Authoritative Parenting Model
Authoritative Parenting Model
Establishing discipline through authoritative parenting is an effective style because it displays secure emotional development, allows a higher quality of supportive peer relationships and enhances problem-solving skills for the child. Research has shown that authoritative parenting is the most effective style of parenting. Authoritative parenting is the one style that promotes equal involvement between the parent and child. (Cherry, 2013a). The parent displays fair discipline, warmth and nurturing, effective communication with the child and sets certain expectations on behavior and maturity. This parenting style promotes a “democratic” model in which parents are responsive to the child’s needs, thoughts and concerns.
These parents will listen to questions the child may have on expectations set. Simply put by these parents are direct but not over bearing. (Cherry, 2013b). They reason instead of just punishing the child. Parents of this model want their children to be self-assured, socially approachable and cooperative. This furthermore, clearly defines that the authoritative style allows open communication between parent and child, love, guidance, nurturing, explanation of discipline and balance for the child.

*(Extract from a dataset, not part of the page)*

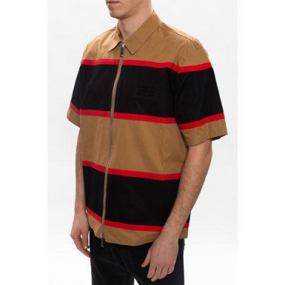 首頁 > 男裝 > 博柏利 > 【包郵包稅】BURBERRY/博柏利巴寶莉男裝男士拼色條紋棉質時尚拉鍊方領春夏短袖襯衫80367711

The authoritative parenting style is about setting limits, reasoning with kids, and being responsive to their emotional needs. (Dewar, 2013). These types of parents offer children a great deal of emotional support. While setting high standards for a child, parents who practice the authoritative style are responsive to the needs of children, demand children to show respect as well as provide a nurturing environment. In setting limits, children will often comply with respect to their parents and act responsibly. When children misbehave, the authoritative parent provides discipline as well and pointing out and discussing the misbehavior.
The parent further provides reasoning to the act. In addition, parents allow for verbal responses and communication from the child that promotes a sense of balance. As Dewar further states, there is evidence that this style helps kids become more empathic, helpful, conscientious, and kind to others. Dewar also suggests, authoritative parents are both highly responsive and very demanding. Overall, this is one of the best ways to define the authoritative parenting style. Evidenced research provides several conclusions that children raised by authoritative parents are more likely to become independent, socially accepted by peers, academically productive, and well mannered. (Dewar, 2013).

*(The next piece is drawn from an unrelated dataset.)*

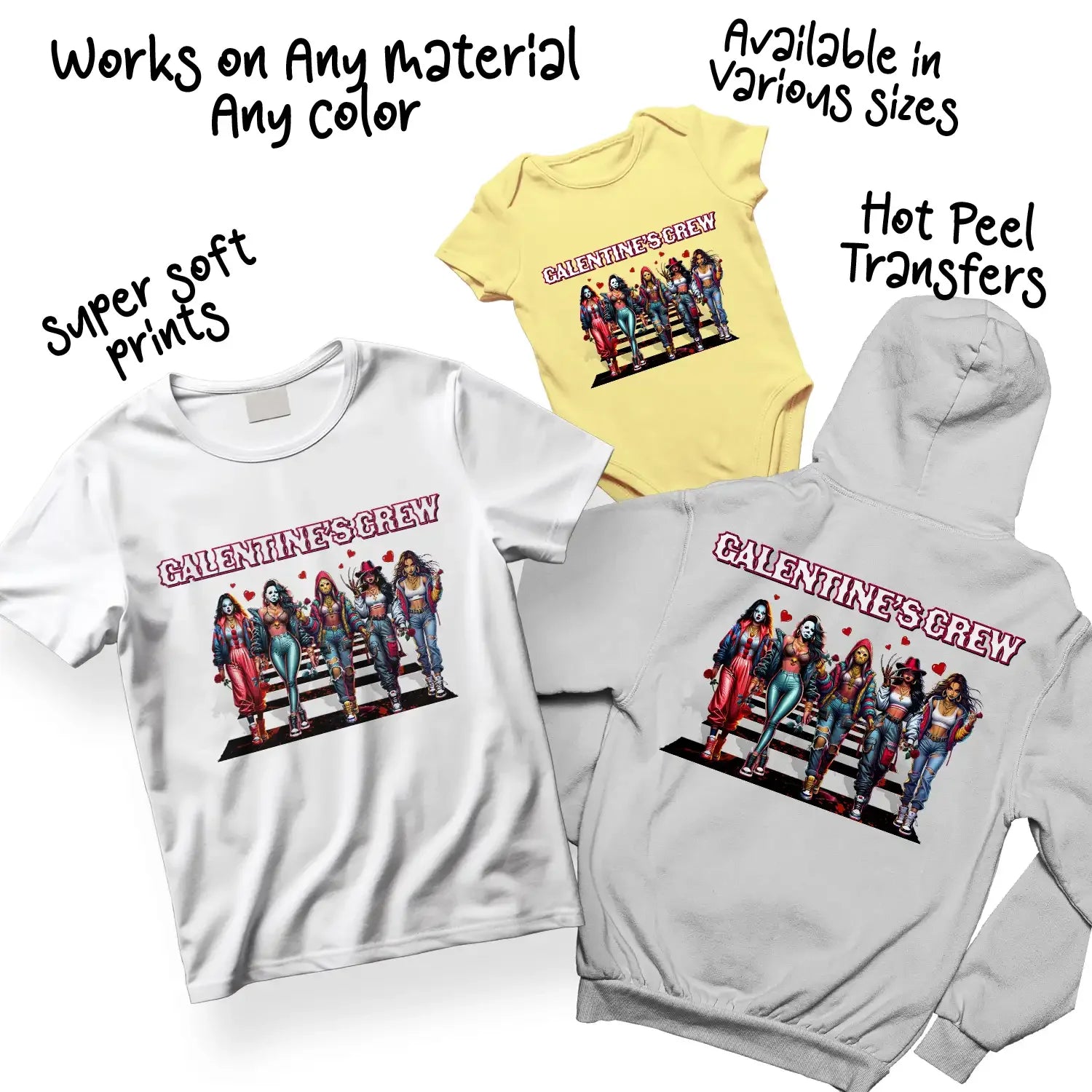 Continue building your crew wardrobe with our stylish custom DTF transfer featuring a fourth unique "Galentine's Crew" design with trendy friendship vibes. This fashionable DTF prints design brings contemporary style to crew celebration, perfect for creating modern Valentine's apparel that reflects the current trends in female friendship fashion and sisterhood pride.

Children often become more supportive, reliable, and thoughtful to family and peers. Authoritative parents promote secure attachments and allow children to communicate their concerns and feelings. In doing so, children are less likely to internalize problems. Talking with a child will allow them to verbalize both good and bad, learning from these better choices and avoiding future mistakes. In the end, children will become better with problem solving skills and positive emotional well-being.
Authoritative parenting offers secure emotional development of a child. These parents exhibit respectable emotional understanding and control, encourage children to manage their own emotions and learn to understand others as well. (Cherry, 2013b). The authoritative parenting style focuses on parents listening to what their children have to say, place reasonable limits that have set consequences for certain behaviors and encourage an independent child. Parents are warm and welcoming to discuss anything with the child but do not do this in a robust manner.

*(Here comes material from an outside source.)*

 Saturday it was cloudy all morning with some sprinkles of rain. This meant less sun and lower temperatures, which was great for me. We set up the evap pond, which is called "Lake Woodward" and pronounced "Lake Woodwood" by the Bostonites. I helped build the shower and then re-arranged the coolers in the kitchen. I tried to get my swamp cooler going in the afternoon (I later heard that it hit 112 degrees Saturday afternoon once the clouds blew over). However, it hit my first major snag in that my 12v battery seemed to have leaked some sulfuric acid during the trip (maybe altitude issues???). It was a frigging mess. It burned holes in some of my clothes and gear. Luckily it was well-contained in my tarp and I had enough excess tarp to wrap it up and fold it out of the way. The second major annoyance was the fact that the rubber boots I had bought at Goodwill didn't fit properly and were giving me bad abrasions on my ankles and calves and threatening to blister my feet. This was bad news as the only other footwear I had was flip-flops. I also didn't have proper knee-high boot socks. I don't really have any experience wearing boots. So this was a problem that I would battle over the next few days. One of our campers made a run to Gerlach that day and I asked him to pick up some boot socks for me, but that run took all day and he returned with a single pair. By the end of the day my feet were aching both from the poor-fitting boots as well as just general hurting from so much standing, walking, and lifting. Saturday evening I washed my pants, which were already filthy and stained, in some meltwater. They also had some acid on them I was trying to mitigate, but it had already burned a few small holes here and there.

This parent is consistent with discipline but expects the child take responsibility for their actions. The parents do not judge or place immediate blame, they listen to what the child has to say. In return, these children tend to be capable of making appropriate decisions, have a sense of pride and happiness with themself and achieve goals set for them effectively. In other words, the authoritative parent encourages a child to set expectations of their own to succeed, work through problems, develop their own skill sets and accomplish a strong sense of confidence. Diane Baumrind’s research shows that these children display a happier disposition, have effective control of their emotions, exhibit s social interaction and are self-starters in learning new things. (Cherry, 2013a).
Multiple studies have been done that prove authoritative parents score high on measures of warmth and responsiveness and high on measures of control and maturity demands (Spera, 2005). This is likely due to the parent’s warm and responsive manner in which the child is approached by the parent. The parents due demand a high level of maturity from the child, but do so with balance, affection, and bidirectional communication to nurture relationships. The parent gives explanation of why a child should act a certain way in social or serious situation. Parents also help the child to prioritize what is important to succeed socially and academically. This is referred to as the demandingness/responsive model. (Spera, 2005). Demandingness refers to the demands parents make on their children to become unified with family and united in society with others. Parents hold certain levels of demand for their children, but provide direction, and discipline when appropriate.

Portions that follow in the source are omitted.